## What the exercise asks:
Images appear in the records below; leave them out and repeat everything else exactly.

## Task input:
★ ★ ★ ★ ★ ★ ★
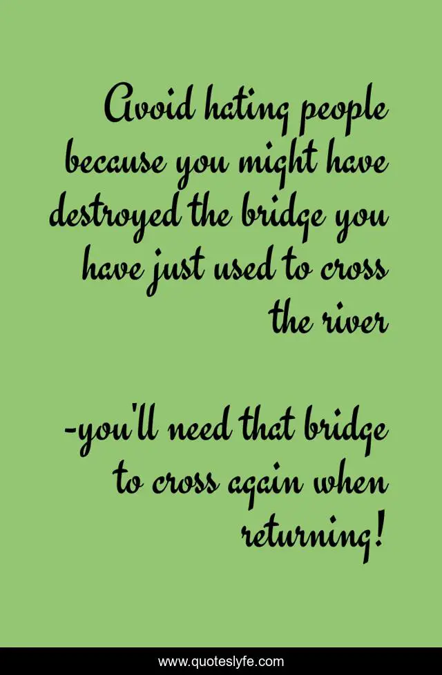 "you'll need that bridge to cross again when returning! Quotes." Quoteslyfe.com, 2025. Sat. 06 Dec. 2025. <https://www.quoteslyfe.com/quote/Avoid-hating-people-because-you-might-have-129802>.
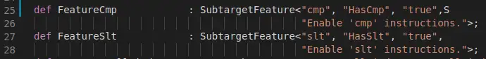 例如我们定义两个feature, 支持SLT,和支持Cmp指令。
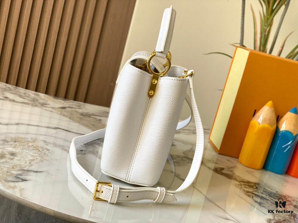 Top Quality Original Guangzhou M99528 White Lizard Skin Gold Buckle Capucines BB Handbag
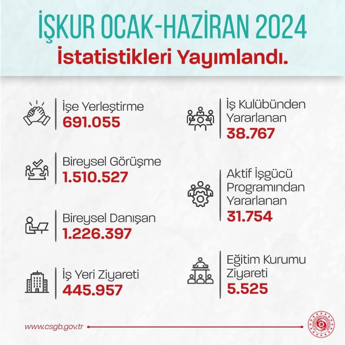Çalışma ve Sosyal Güvenlik Bakanı Vedat Işıkhan, İŞKUR’un hazırladığı ve 2024’ün ilk yarısında hizmetlerine ilişkin verileri içeren haziran ayı İstatistik Bülteni'ni yayınlandığını açıkladı.
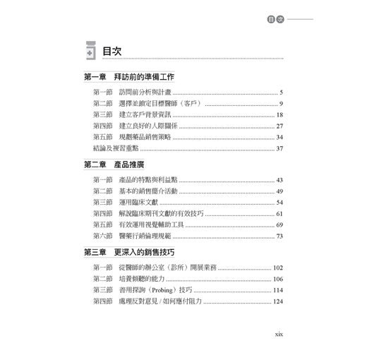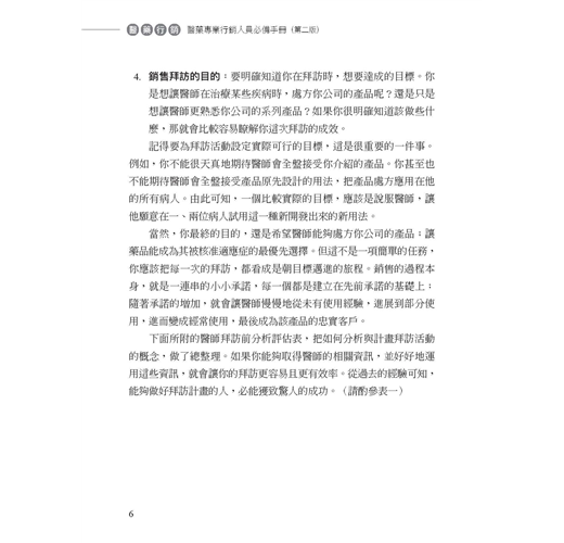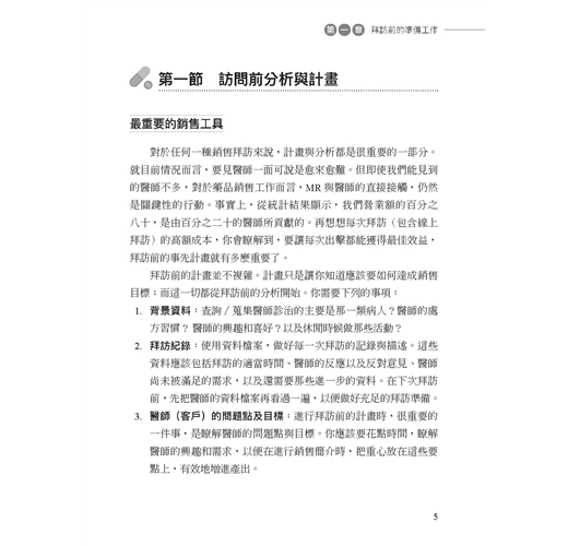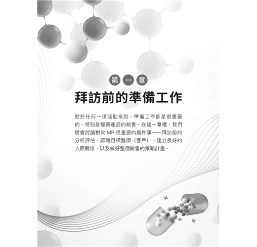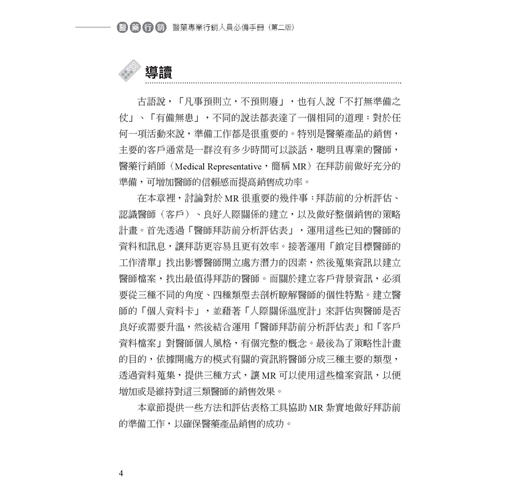 在本章裡,討論對於MR 很重要的幾件事:拜訪前的分析評估、認識醫師(客戶)、良好人際關係的建立,以及做好整個銷售的策略計畫。首先透過「醫師拜訪前分析評估表」,運用...
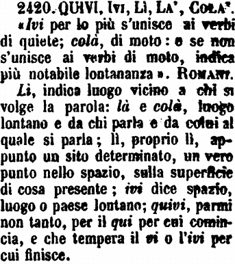 Lì, indica luogo vicino a chi si volge la parola: là e colà, luogo lontano e da chi parla e da colui al quale si parla; lì, proprio lì, appunto un sito determinato, un vero punto nello spazio, sulla superficie di cosa presente; ivi dice spazio, luogo o paese lontano; quivi, parmi non tanto, per il qui per cui comincia, e che tempera il vi o l'ivi per cui finisce. [immagine] |
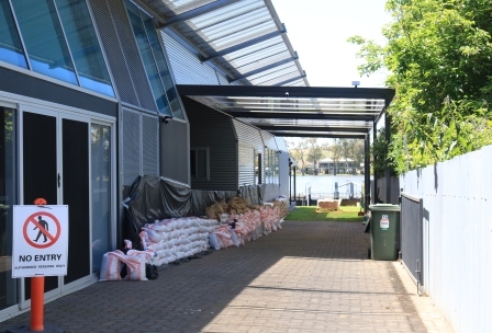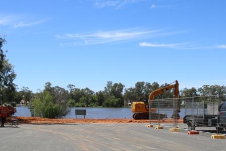 Currently a levee bank is being prepared along River Lane next to the Mary Ann Reserve and also parallel to the river near the ferries and Arnold Park, so access to these areas is blocked to traffic. Both of these areas are usually very popular with visitors, with a market and other events regularly held in these picturesque spots. The effect of the rising river is very noticeable though, with the ferry access roads quite a long way underwater already.
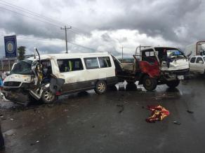 一辆卡车超越前方汽车时,意外直撞反方向车道的一辆厢型车,造成14人受伤。
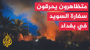 محتجون عراقيون يقتحمون السفارة السويدية في بغداد بعد إحراق القرآن في السويد على يد لاجئٍ عراقي مسيحي.
★ ★ ★ ★ ★ ★ ★
## Written solution:
 "you'll need that bridge to cross again when returning! Quotes." Quoteslyfe.com, 2025. Sat. 06 Dec. 2025. <https://www.quoteslyfe.com/quote/Avoid-hating-people-because-you-might-have-129802>.
 例如我们定义两个feature, 支持SLT,和支持Cmp指令。
 Top Quality Original Guangzhou M99528 White Lizard Skin Gold Buckle Capucines BB Handbag
Çalışma ve Sosyal Güvenlik Bakanı Vedat Işıkhan, İŞKUR’un hazırladığı ve 2024’ün ilk yarısında hizmetlerine ilişkin verileri içeren haziran ayı İstatistik Bülteni'ni yayınlandığını açıkladı.
 在本章裡,討論對於MR 很重要的幾件事:拜訪前的分析評估、認識醫師(客戶)、良好人際關係的建立,以及做好整個銷售的策略計畫。首先透過「醫師拜訪前分析評估表」,運用...
 Lì, indica luogo vicino a chi si volge la parola: là e colà, luogo lontano e da chi parla e da colui al quale si parla; lì, proprio lì, appunto un sito determinato, un vero punto nello spazio, sulla superficie di cosa presente; ivi dice spazio, luogo o paese lontano; quivi, parmi non tanto, per il qui per cui comincia, e che tempera il vi o l'ivi per cui finisce. [immagine] |
 Currently a levee bank is being prepared along River Lane next to the Mary Ann Reserve and also parallel to the river near the ferries and Arnold Park, so access to these areas is blocked to traffic. Both of these areas are usually very popular with visitors, with a market and other events regularly held in these picturesque spots. The effect of the rising river is very noticeable though, with the ferry access roads quite a long way underwater already.
 一辆卡车超越前方汽车时,意外直撞反方向车道的一辆厢型车,造成14人受伤。
 محتجون عراقيون يقتحمون السفارة السويدية في بغداد بعد إحراق القرآن في السويد على يد لاجئٍ عراقي مسيحي.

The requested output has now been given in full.